* **TASK DETAILS**:
Only the lines from the top of the records below through the line containing "Assiette plate en" should be printed, exactly and without pictures.

* **INFORMATION GIVEN**:
☆ ☆ ☆ ☆ ☆ ☆ ☆

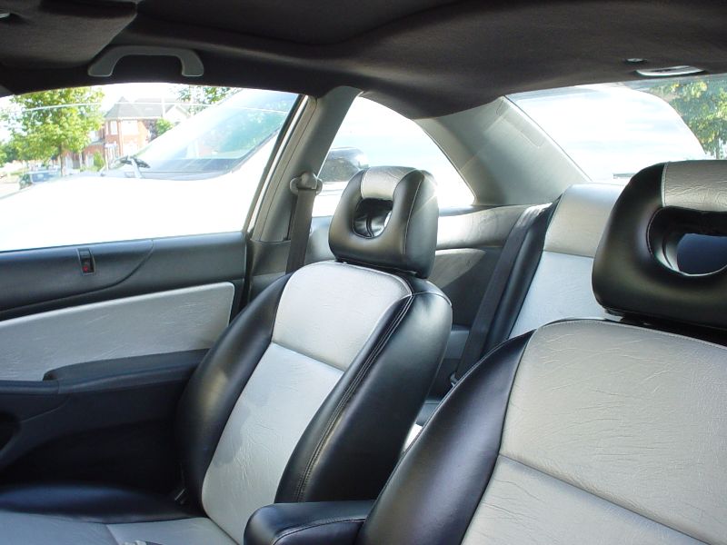 look nice. The guy that did it for me repadded everything and made it more bucket. They are soo much more comfortable. I took the idea of the head rest from another member. I dont remeber who but he did a black and white carbon fiber seat interior..Ill get more pictures of the head liner, and yes I do have a sunroof, let me say it took me 2 hours just to get that part off so he could redo it. Tip for you if you want to take that part off... take off the whole sunroof.. dont try to just remove 4-6 screws and hope you can slip it out... because thats what I did.. it worked but it was a pain in the *** putting it back in.
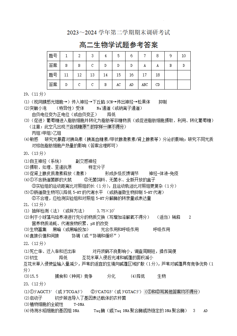 江苏省连云港市2023-2024学年第二学期高二年级下学期期末考试生物答案
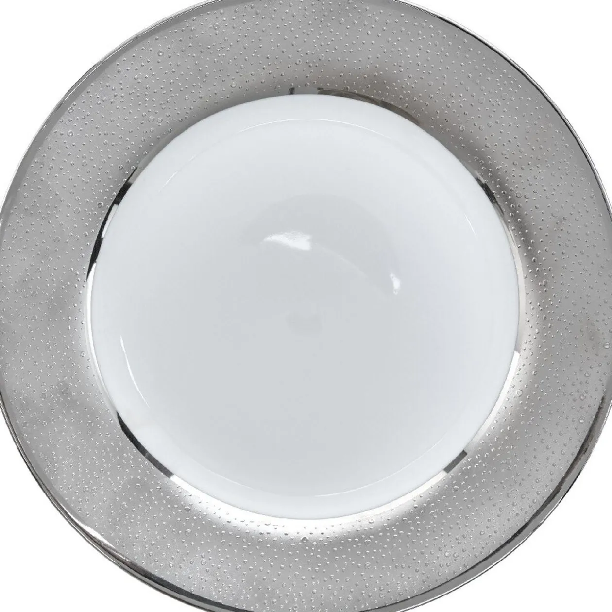 Assiette plate en porcelaine blanche au contour à l’effet texturé argenté.
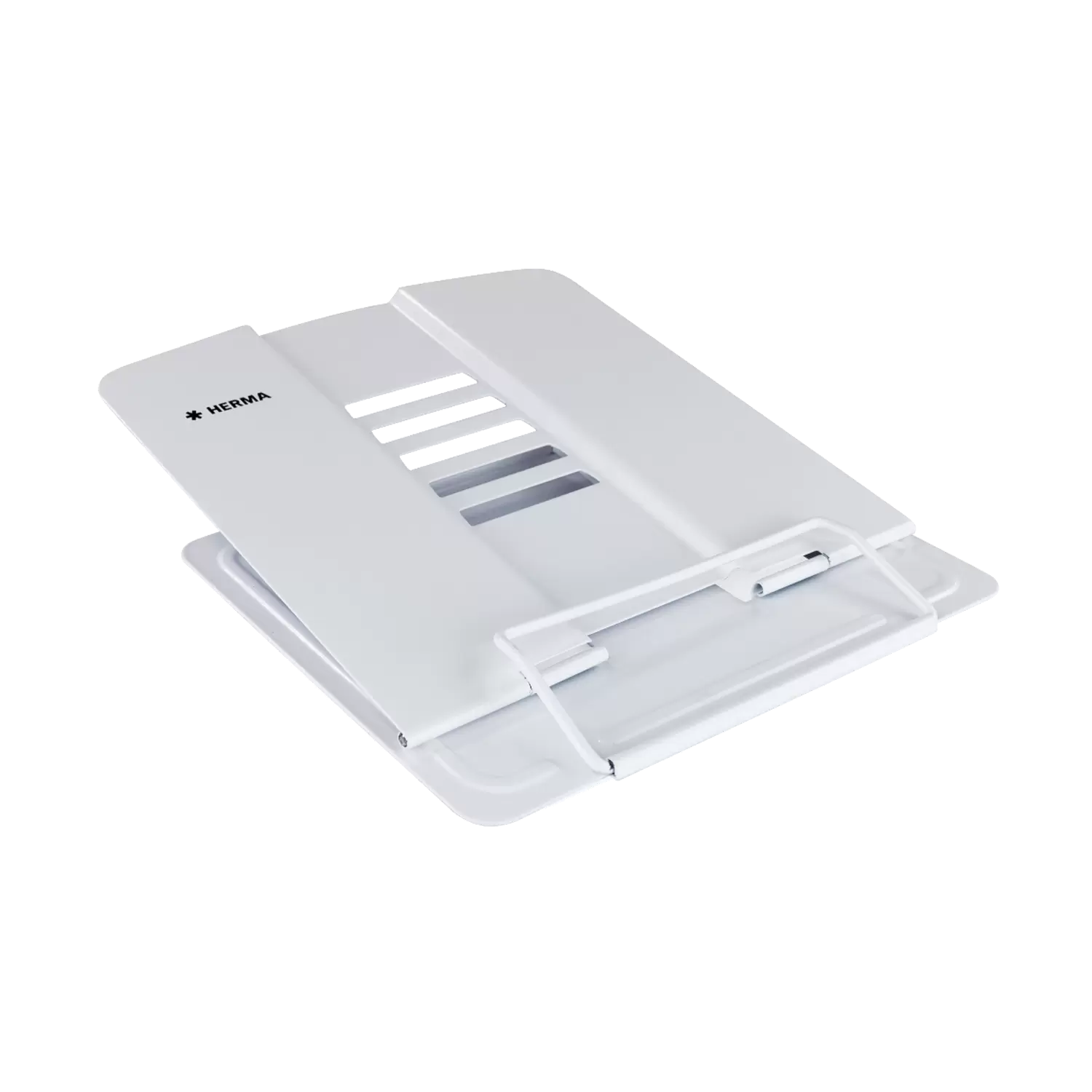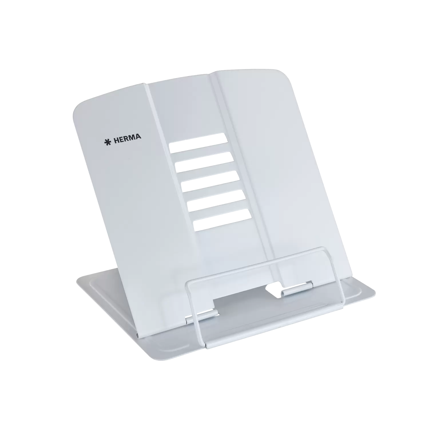 Leesstandaard, boekensteun, boeken- en kookboekhouder, tablet-steun: er zijn veel benamingen voor de unieke en multifunctionele boekenstandaard van HERMA. De leesstandaard is wit, van gelakt metaal en uitgeklapt 19 cm hoog, 19,8 cm breed en 15,7 cm diep. Daarom is hij ook geschikt voor zware boeken, atlassen en tablets. Hij kan in 5 standen schuin worden gesteld, zodat het op het bureau, op de campus of in de keuken ook voor de nek altijd prettig lezen is. De antislipnoppen aan de onderkant zorgen ervoor dat hij stevig en optimaal staat. Als hij even niet nodig is of meegenomen moet worden, kan hij heel eenvoudig worden ingeklapt en opgeborgen. De multifunctionele boekenstandaard is bovendien verkrijgbaar in de kleuren blauw en roze. Perfect om bijvoorbeeld boeken, tablets, tijdschriften, schriften, muziekbladen en kookboeken, van verschillende formaten, die perfecte stand en steun te bieden. Flexibel inzetbaar in kantoor of HomeOffice, op reis, op school, op de campus, in kleuterschool of crèche, in de keuken of bij het outdoor barbecueën en thuis op de bank.
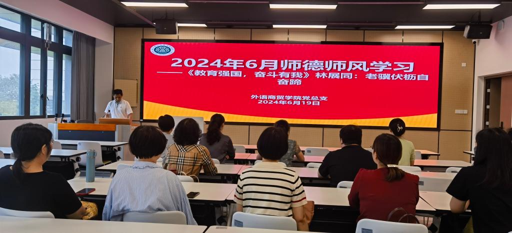 为深入学习贯彻习近平新时代中国特色社会主义思想,特别是习近平总书记关于教育的重要论述,发挥“五老”亲历者、见证者、实践者的优势,教育引导广大党员教师树立坚定的理想信念,6月19日下午,外语商贸学院党总支于产创楼E-307开展6月师德师风学习——学习《教育先行者》林展同老师的先进事迹。
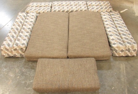 Cushion - Dinette - Caramel - 39" - Rounded Edge - 6 Pc - Wiota Bark/Disconnect Pinto/Cargoliner Charcoal
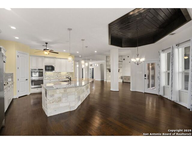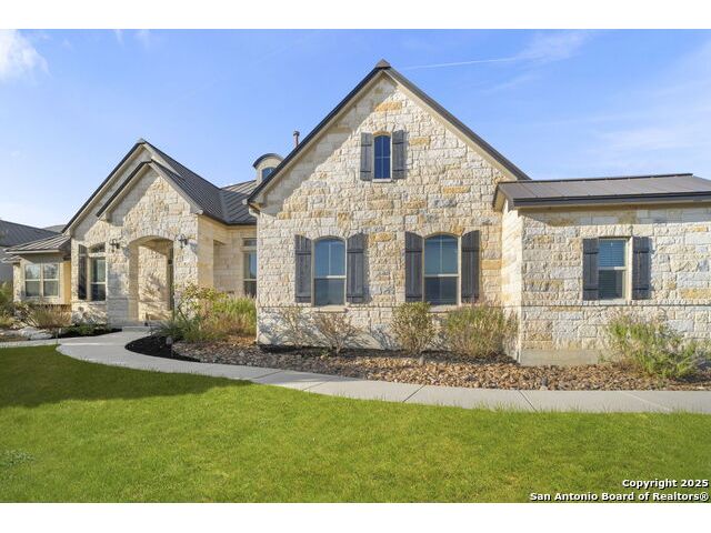 Luxury living in The Canyons at Scenic Loop! This stunning single-story custom built home offers 3,892 sq. ft. of open-concept elegance on a .58-acre corner lot. Featuring 4 spacious bedrooms, 4 full baths, and two living areas, this home blends comfort and sophistication. The gourmet kitchen boasts double ovens, gas cooking, custom cabinetry, and a large island. Enjoy gatherings in the separate dining area or relax by the dual gas fireplaces with enclosed glass screens. The home includes wood flooring, high ceilings, and designer finishes throughout. Exterior highlights include a 4-car garage, circular drive, pergola, gutters, and full sprinkler system. Located in the gated community of The Canyons at Scenic Loop, this home combines privacy, luxury, and convenience within minutes of Boerne, La Cantera, and top NISD schools. Property came back with an appraisal higher than list price! Instant EQUITY!

☆ ☆ ☆ ☆ ☆ ☆ ☆

* **ANSWER TO THIS EXERCISE**:
 look nice. The guy that did it for me repadded everything and made it more bucket. They are soo much more comfortable. I took the idea of the head rest from another member. I dont remeber who but he did a black and white carbon fiber seat interior..Ill get more pictures of the head liner, and yes I do have a sunroof, let me say it took me 2 hours just to get that part off so he could redo it. Tip for you if you want to take that part off... take off the whole sunroof.. dont try to just remove 4-6 screws and hope you can slip it out... because thats what I did.. it worked but it was a pain in the *** putting it back in.
 江苏省连云港市2023-2024学年第二学期高二年级下学期期末考试生物答案
 Assiette plate en porcelaine blanche au contour à l’effet texturé argenté.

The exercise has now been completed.